In spring 2019, the Bafin temporarily prohibited investors from betting on falling prices at Wirecard.

This gave the shareholders the impression that everything was in order in the group.

And he went even further: During the time in which he was responsible, the Bafin always acted “within the scope of its legal possibilities”.

The state supervisory and control structure was simply not well enough equipped for such fraud.

It is therefore important to learn from it.

Scholz referred to the planned reform of the balance sheet audit.

The most important task is to restore trust that has been lost in the German financial center.

A Wirecard case should not be repeated.

He appealed to the MPs that the reform law would soon be finalized so that it could come into force quickly and not be watered down by “lobbying interests”.

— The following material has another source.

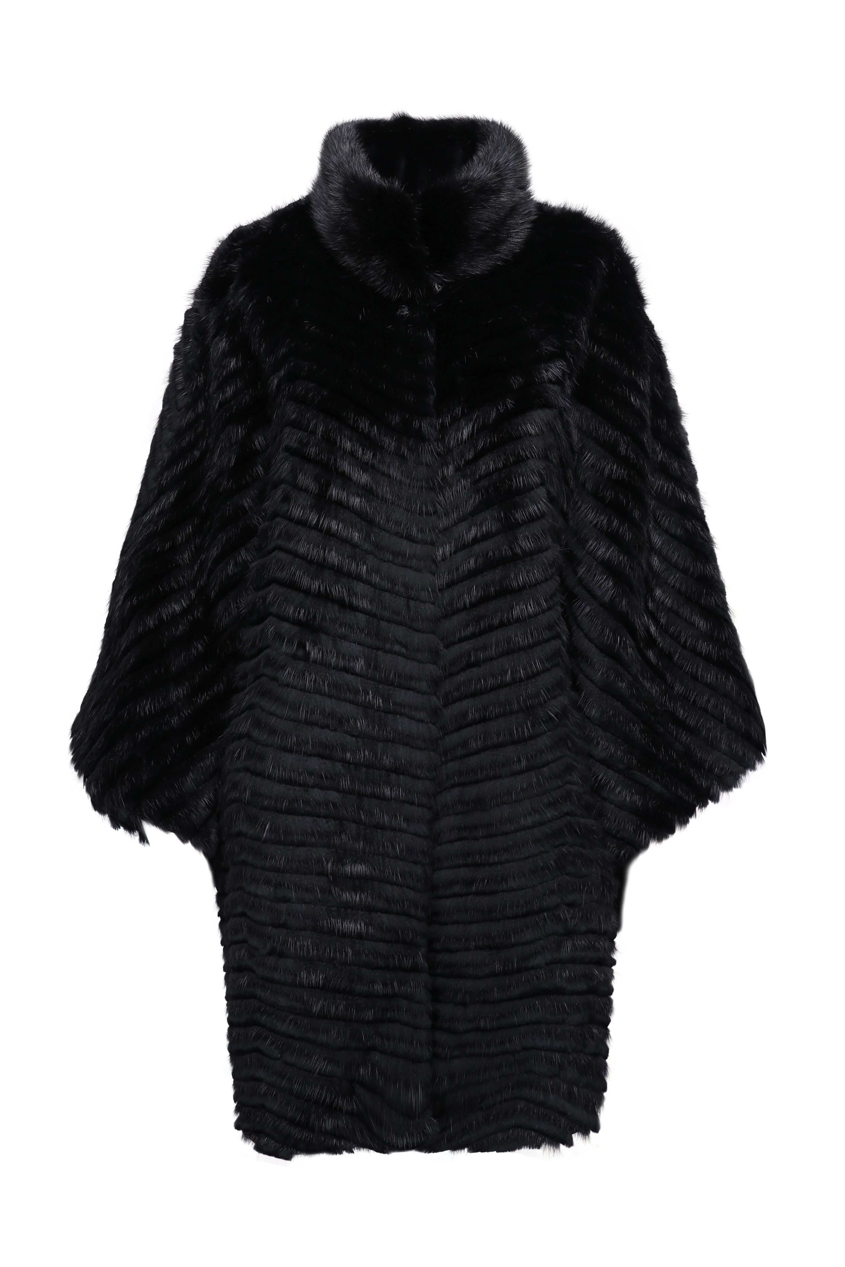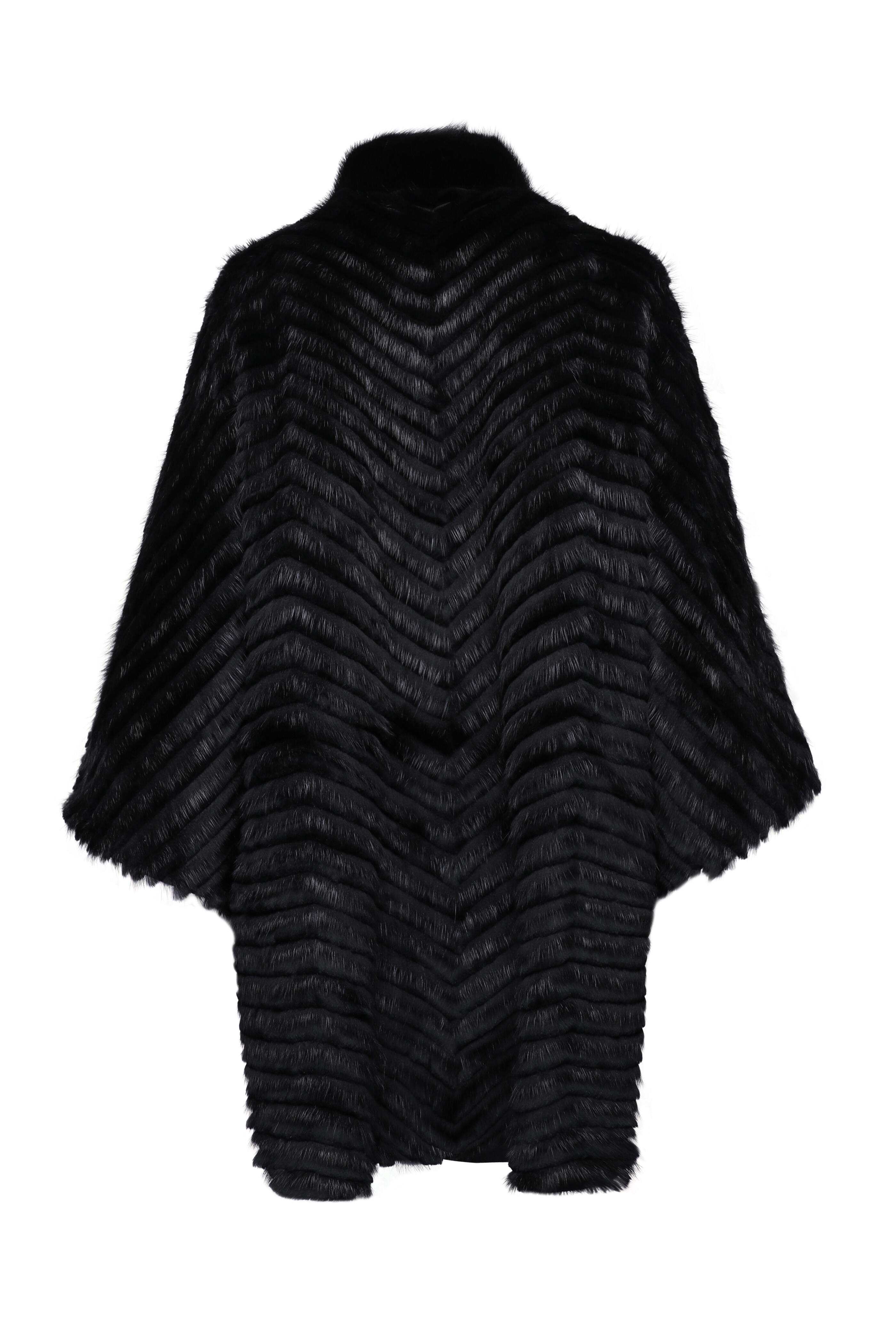 High neck. Snap button closure. Side slip pockets. Three quarter length sleeves. Made in the USA. Fits true to size; looser fitting. 100% mink fur; 100% cashmere blend lining. Dry clean only.

The opposition was not satisfied with the statements made by the finance minister.

Danyal Bayaz of the Greens criticized Scholz for rejecting any responsibility.

“This self-assessment is strange for the chief employer of the financial supervisory authority.

His house has put his hands on the short sale ban, although this was issued by the Bafin against all sense and reason, ”said Bayaz.

The SPD MP Jens Zimmermann, of course, saw it differently.

"As with yesterday's questioning of his State Secretary Kukies, the alleged allegations against the finance minister turned out to be an unfounded election campaign noise," he said.

From the questioning in the committee of inquiry, the questionable handling of the minister with his private e-mail account will remain above all.